Se fija también nuestro naturalista en la rica agricultura de la isla y nos habla de las producciones de granos, papas, batatas, ñames y viña, esta última para producir vinos y alcoholes que considera más resistentes que los franceses para cruzar los océanos. Plantea la posibilidad de mejorar estos cultivos creando un jardín de semillas para la introducción de todo tipo de plantas europeas y la aclimatación de las americanas y asiáticas para transportarlas a Europa. También sugiere en su informe la necesidad de introducir algunos cambios en la propiedad de la tierra aboliendo los mayorazgos y mejorar la gestión de las aguas y los recursos forestales.

Conocedor de la realidad social palmera, sugiere no tocar a la Iglesia para no granjearse la enemistad de los pobladores que según él “ils sont plus affectionnés aux Français qu’a aucune autre Nation; ce qui est le contraire dans les autres îles”. En el aspecto industrial destaca la producción sedera para la fabricación de telas y cintas, la posibilidad de fabricación de pólvora más barata utilizando para ello el salitre de Marruecos y el azufre que se traería del Teide, en Tenerife.

Pero, ¿qué le habría costado a Francia la adquisición de La Palma?

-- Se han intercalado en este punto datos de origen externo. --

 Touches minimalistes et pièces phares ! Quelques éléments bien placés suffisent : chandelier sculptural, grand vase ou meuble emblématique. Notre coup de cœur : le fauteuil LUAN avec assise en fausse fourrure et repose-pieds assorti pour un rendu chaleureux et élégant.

Poco, según Broussonet, pues la construcción de un puerto y un arsenal podrían ser cubiertos con los recursos de la isla. Sólo habría que mantener una guarnición militar poco numerosa, una buena artillería y pocos funcionarios franceses. Para la defensa de la isla, Francia podría contar con sus habitantes a los que describe como robustos, ágiles, buenos tiradores y acostumbrados a desplazarse rápidamente  por todo el territorio insular. Además, desde La Palma se podrían vender mercaderías francesas a todo el archipiélago, que contaba en aquellos tiempos con unos 250.000 habitantes, aprovechando para ello la liberación del comercio con América y suprimiendo las aduanas.

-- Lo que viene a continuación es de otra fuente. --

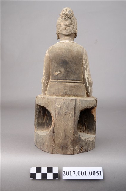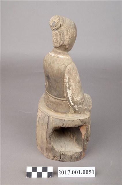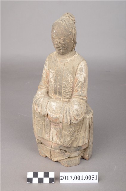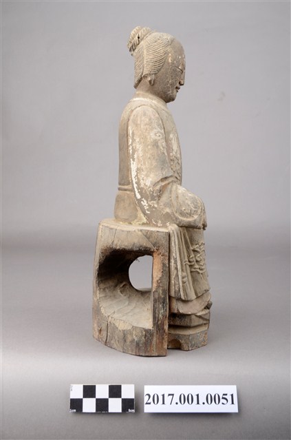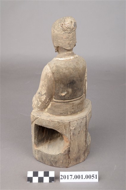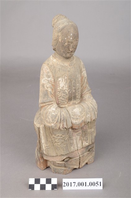 1.本件木雕臨水夫人像採坐姿,表面粧佛已脫落。臨水夫人坐於一無背且後面呈半圓形臺座上,臺座中間鏤空。臨水夫人端坐,腳著弓鞋,足下踏有一小型踏几,踏几上斜披一方巾,臺座前兩端呈斜四角形,中央一道縱裂紋。臨水夫人臉呈鵝蛋臉,臉孔娟秀細緻,面帶慈藹笑容。頭梳一圓高髻,橫插一髮簪,盤髮紋路清晰可見。身著袍服長裙,外罩對襟罩衫,表面有粉線雲紋裝飾,腰間繫有一條細腰帶。雙手交握於腹前,手掌藏於水袖之內。

También Broussonet se anticipa a lo que sería más tarde el turismo diciendo que “La Palma, en mano de los franceses, volverá a ser lo que ha sido durante algunos años: un lugar famoso por la pureza de su cielo, la dulzura de su clima, por la bondad de sus aguas minerales donde los españoles (…) venían durante una parte del año a gastar sus rentas como en una isla afortunada”.

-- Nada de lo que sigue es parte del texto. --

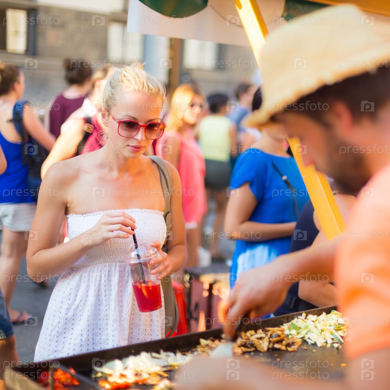 Женщина, покупая еду на продовольственном рынке
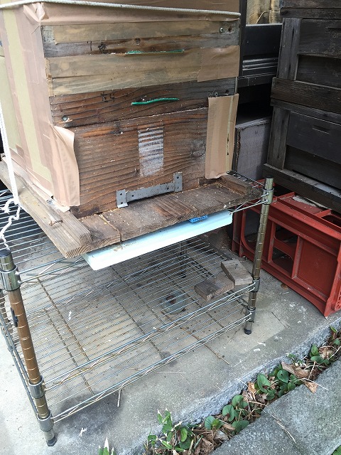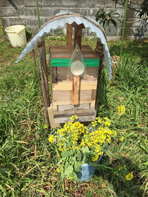 防寒対策を施された巣箱。ハチの姿は少なくなりましたが、元気のようです。

Es evidente que la petición de Broussonet no fue atendida por Talleyrand, por lo que La Palma continuó bajo la corona española. Ahora sólo nos resta imaginar cómo habría sido hoy la isla si hubiera pasado a manos francesas…

NOTA: Quiero expresar mi agradecimiento a Francisco Rodríguez Pulido, profesor palmero de Ciencias de la Naturaleza y amigo, por haberme dado la pista de esta historia y a Macu Marrero por las fotos de la Fuente de los Sabios.